Introduction
TensorFlow feature columns (tf.feature_column) bridge raw tabular data and model input layers by defining how each feature should be transformed — numeric columns pass through directly, categorical columns are encoded as one-hot or embeddings, and crossed columns capture feature interactions. When a dataset has many features, you can programmatically generate feature column lists from schema metadata instead of defining each one manually. Note that tf.feature_column is part of TF 1.x/2.x Estimator API; for modern TF 2.x Keras models, use tf.keras.layers preprocessing layers instead.
Numeric Columns
1import tensorflow as tf
2
3# Single numeric column
4age = tf.feature_column.numeric_column("age")
5
6# With normalization
7def zscore_normalizer(mean, std):
8 return lambda x: (x - mean) / std
9
10income = tf.feature_column.numeric_column(
11 "income",
12 normalizer_fn=zscore_normalizer(50000, 15000)
13)
14
15# Create many numeric columns from a list
16numeric_features = ["age", "income", "credit_score", "account_balance", "tenure_months"]

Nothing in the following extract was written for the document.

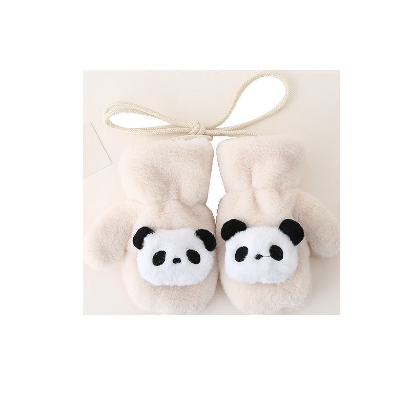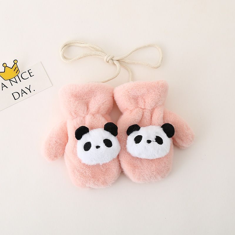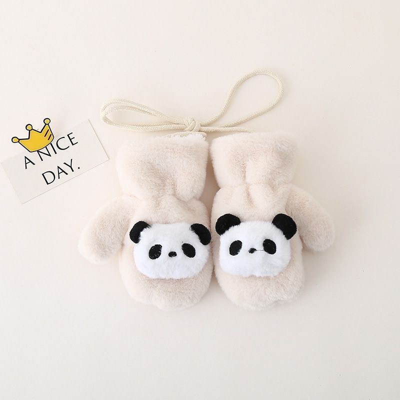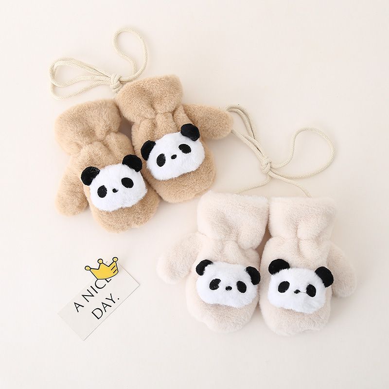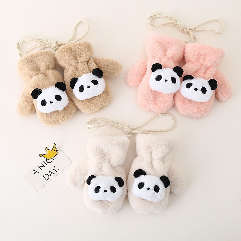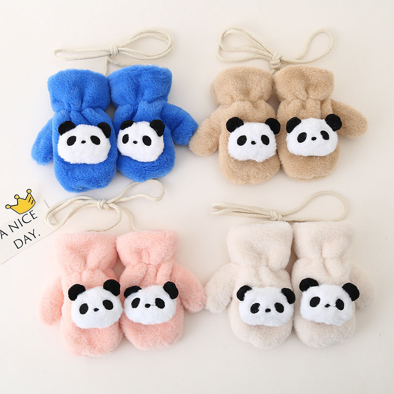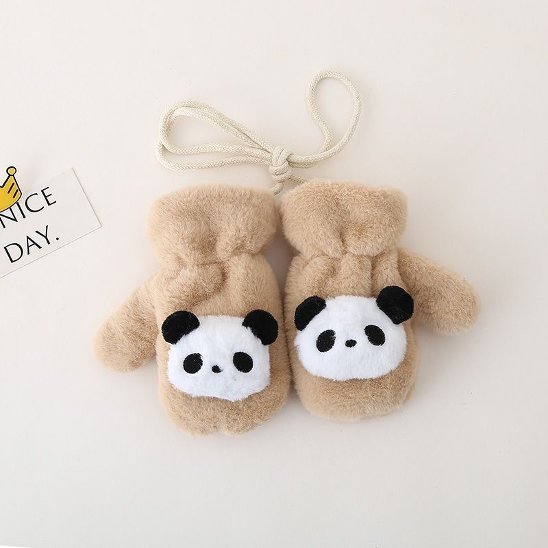 1~6세 어린이를 위한 벨벳과 두툼한 귀여운 레드 팬더가 포함된 아기 장갑, 방한 및 동결 방지 플러시 소프트 일체형 손가락 장갑
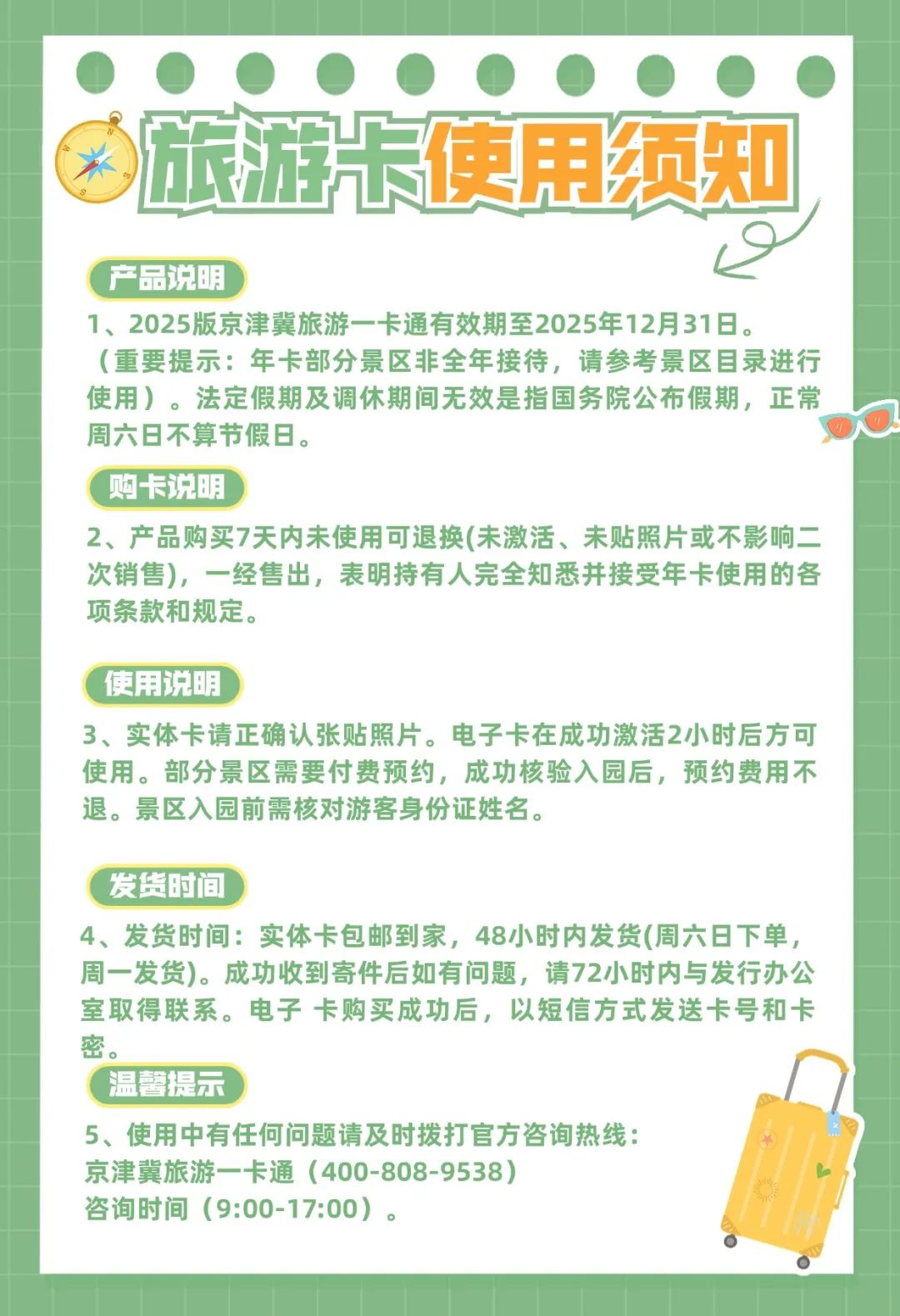 ⭐一卡通权益:免门票不限次;五一,十一、春节假期期间持卡无效

17numeric_columns = [tf.feature_column.numeric_column(f) for f in numeric_features]
numeric_column handles continuous values. Use normalizer_fn to standardize features during input processing.
Categorical Columns
1# Known vocabulary
2gender = tf.feature_column.categorical_column_with_vocabulary_list(
3 "gender", ["male", "female", "other"]
4)
5
6# Large vocabulary from file
7city = tf.feature_column.categorical_column_with_vocabulary_file(
8 "city", vocabulary_file="cities.txt", vocabulary_size=1000
9)
10
11# Hash bucket for high-cardinality features
12user_id = tf.feature_column.categorical_column_with_hash_bucket(
13 "user_id", hash_bucket_size=10000
14)
15
16# Integer identity (already encoded as integers 0-N)
17day_of_week = tf.feature_column.categorical_column_with_identity(
18 "day_of_week", num_buckets=7
19)
20
21# Wrap categorical columns for use in dense layers
22gender_onehot = tf.feature_column.indicator_column(gender)
23city_embedding = tf.feature_column.embedding_column(city, dimension=16)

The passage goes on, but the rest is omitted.